When surveillance cameras began popping up in the 1970s and ’80s, they were welcomed as a crime-fighting tool, then as a way to monitor traffic congestion, factory floors and even baby cribs. Later, they were adopted for darker purposes, as authoritarian governments like China’s used them to prevent challenges to power by keeping tabs on protesters and dissidents.
But now those cameras — and many other devices that today are connected to the internet — have been commandeered for an entirely different purpose: as a weapon of mass disruption. The internet slowdown that swept the East Coast on Friday, when many Americans were already jittery about the possibility that hackers could interfere with election systems, offered a glimpse of a new era of vulnerabilities confronting a highly connected society.
The attack on the infrastructure of the internet, which made it all but impossible at times to check Twitter feeds or headlines, was a remarkable reminder about how billions of ordinary web-connected devices — many of them highly insecure — can be turned to vicious purposes.
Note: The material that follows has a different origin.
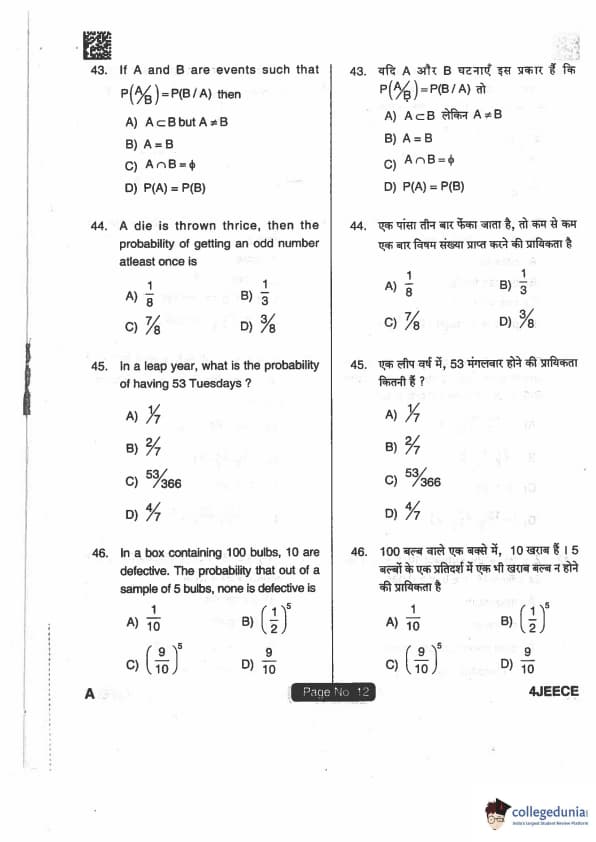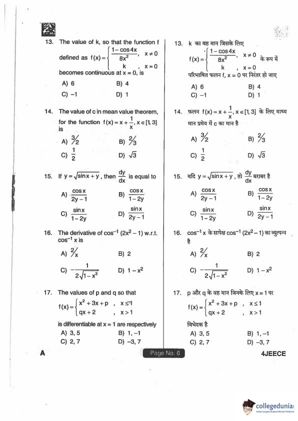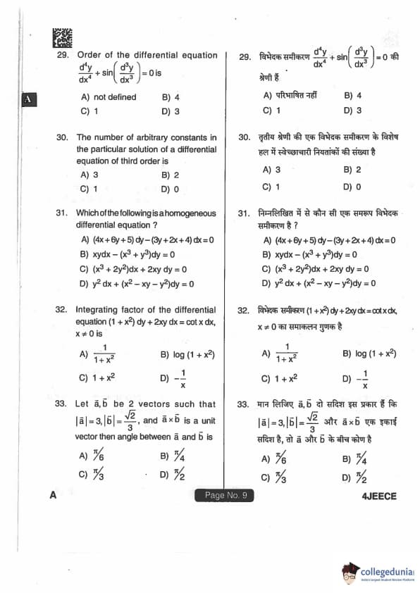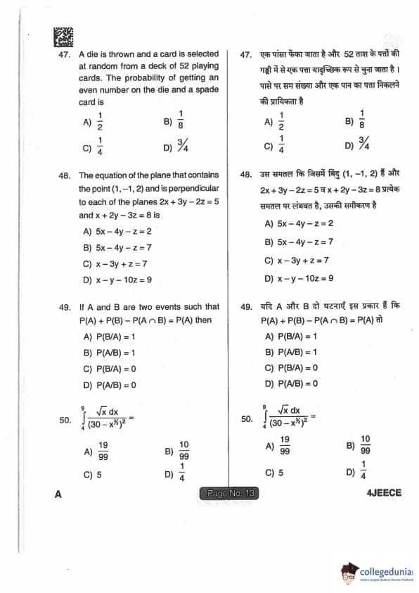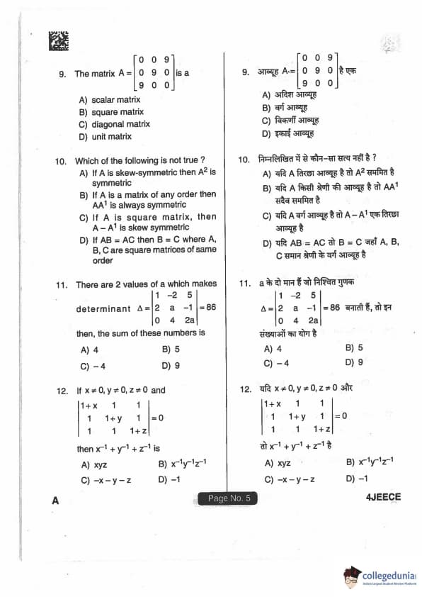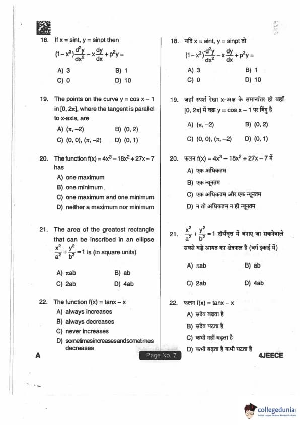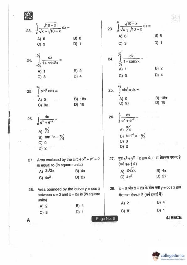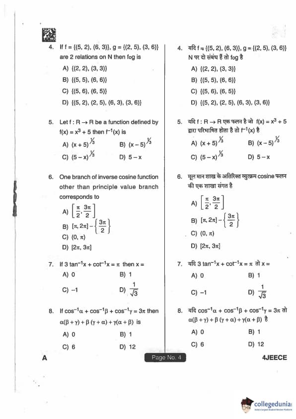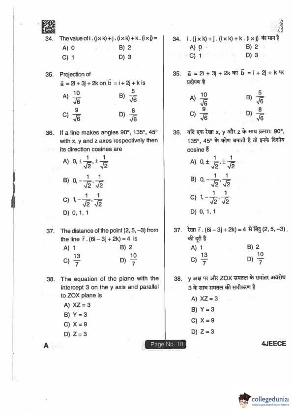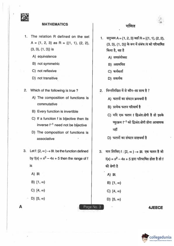 JEECE 2018 Mathematics Code A Question paper with answer key pdf conducted on May 26, 2018 is available for download. The exam was successfully organized by Jharkhand Combined Entrance Competitive Examination Board (JCECEB). The question paper comprised a total of 50 questions.

And the threats will continue long after Election Day for a nation that increasingly keeps its data in the cloud and has oftentimes kept its head in the sand.
Remnants of the attack continued to slow some sites on Saturday, though the biggest troubles had abated. Still, to the tech community, Friday’s events were as inevitable as an earthquake along the San Andreas fault. A new kind of malicious software exploits a long-known vulnerability in those cameras and other cheap devices that are now joining up to what has become known as the internet of things.
The advantage of putting every device on the internet is obvious. It means your refrigerator can order you milk when you are running low, and the printer on your home network can tell a retailer that you need more ink. Security cameras can alert your cellphone when someone is walking up the driveway, whether it is a delivery worker or a burglar. When Google and the Detroit automakers get their driverless cars on the road, the internet of things will become your chauffeur.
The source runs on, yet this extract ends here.